Pourquoi accusons-nous la victime ?

À l’ère des campagnes GoFundMe, il est plus facile que jamais d’aider la famille, les amis et même les étrangers en cas de besoin. Il est également facile de détourner le regard. « La plupart des gens se considèrent comme coopératifs et généreux, mais aider ceux qui ne peuvent pas rendre la pareille a un coût », a déclaré Pascal Boyer, professeur Henry Luce de mémoire collective et individuelle en arts et sciences à l’Université Washington de St. Louis.

Dans un nouveau étude publié en février dans Évolution et comportement humain, Boyer et ses co-auteurs suggèrent que de nombreuses personnes résolvent ce conflit intérieur en trouvant les défauts de la personne qui a besoin d’aide. « C’est un phénomène omniprésent, mais il a à peine été étudié », a-t-il déclaré.

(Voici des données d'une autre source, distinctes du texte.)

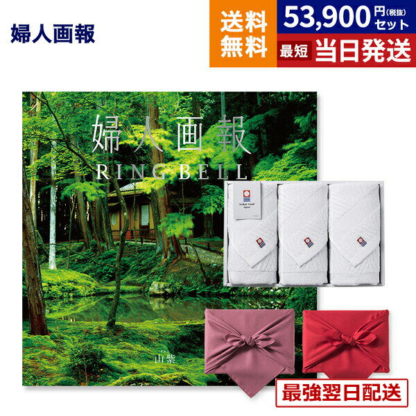 婦人画報 カタログギフト 〔山紫(さんし)コース〕+今治 綾 フェイスタオル3枚セット 【風呂敷包み】 内祝い お祝い 新築 出産 結婚式 快気祝い 引き出物 香典返し 満中陰志 ギフトカタログ プレゼント 女性 おしゃれ 結婚祝い カタログ 年配 5万円コース 送料無料
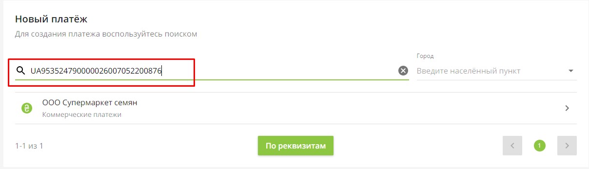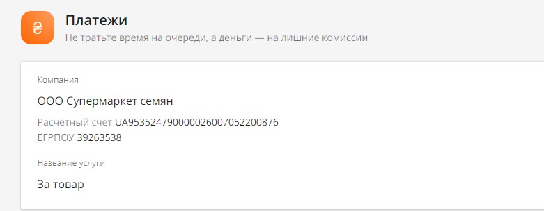 Мы указываем р/с перед номером счета для удобства ориентирования в сообщении. Если все данные введены верно, Приват24 автоматически укажет под строкой наш расчетный счет, как на примере ниже. Нажмите на «ООО Супермаркет Семян».
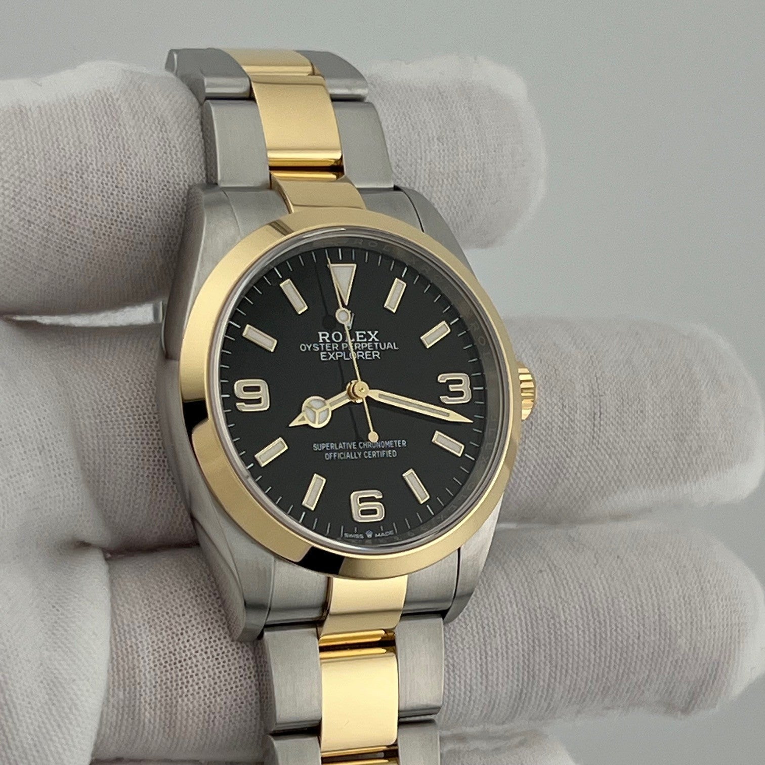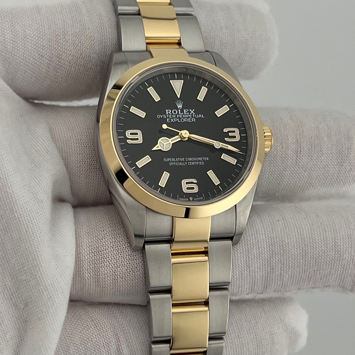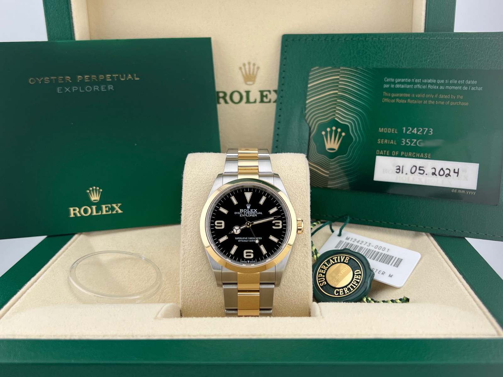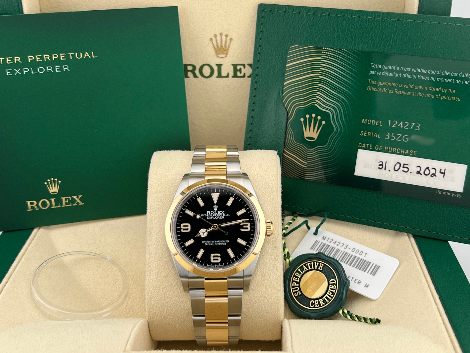 2024 Rolex Explorer 124273 36mm Black Dial 18k Gold Stainless Steel Box Paper Rolex Sale! from 1249500 /per This item is a recurring or deferred purchase. By continuing, I agree to the cancellation policy and authorize you to charge my payment method at the prices, frequency and dates listed on this page until my order is fulfilled or I cancel, if permitted. +1 (619) 232-1273 This item is currently on backorder but you can still purchase it now and we'll ship as soon as more become available. Style Number: 124273Serial: 35ZG****Year: 2024 Model: Rolex Explorer Case Material: Stainless Steel Band: 18k Yellow Gold & Stainless Steel Bezel: 18k Yellow Gold Dial: Black Dial Crystal: Sapphire Case Size: 36mm Includes: - 2024 Rolex Box & Paper- Certified Appraisal - Five Year Factory Warranty from Original Purchase DateSKU 23207 / 127897TGC101925

Pour l’étude, Boyer et ses co-auteurs, dont Eric Chantland, data scientist au Département d’anthropologie des arts et des sciences, ont présenté aux sujets de test une variété d’histoires fictives décrivant des cas de malheur, comme quelqu’un dans un accident de voiture alors qu’il envoyer des SMS et conduire, quelqu’un abattu par une arme à feu non sécurisée et quelqu’un attaqué par un ours lors d’une randonnée.

Les participants pensaient que les histoires étaient réelles, mais chaque scénario a été soigneusement conçu pour tester l’empathie et la volonté d’aider d’une personne. Après avoir lu chaque histoire, les sujets du test ont été invités à évaluer le caractère de la victime et son degré de responsabilité dans l’accident.

Dans certaines expériences, les participants se sont vu offrir la possibilité de faire don de leur compensation totale pour leur participation à l’étude, jusqu’à 60 cents, pour aider la victime. Dans d’autres, on leur a demandé s’ils seraient hypothétiquement disposés à aider la personne avec leur propre argent. Une fois les expériences terminées, les participants ont été rassurés sur le fait que les histoires avaient été inventées pour l’étude.

Les résultats suggèrent un manque général de générosité. Par exemple, les participants à une expérience ont proposé de donner en moyenne environ 15 centimes à la victime, soit moins d’un tiers du montant maximum possible. Un examen plus approfondi des données de plusieurs expériences a révélé une tendance intrigante : plus les participants voyaient de défauts de caractère chez une victime, moins ils étaient disposés à faire un don. « Ils disent que la victime ne mérite pas d’aide », a déclaré Boyer.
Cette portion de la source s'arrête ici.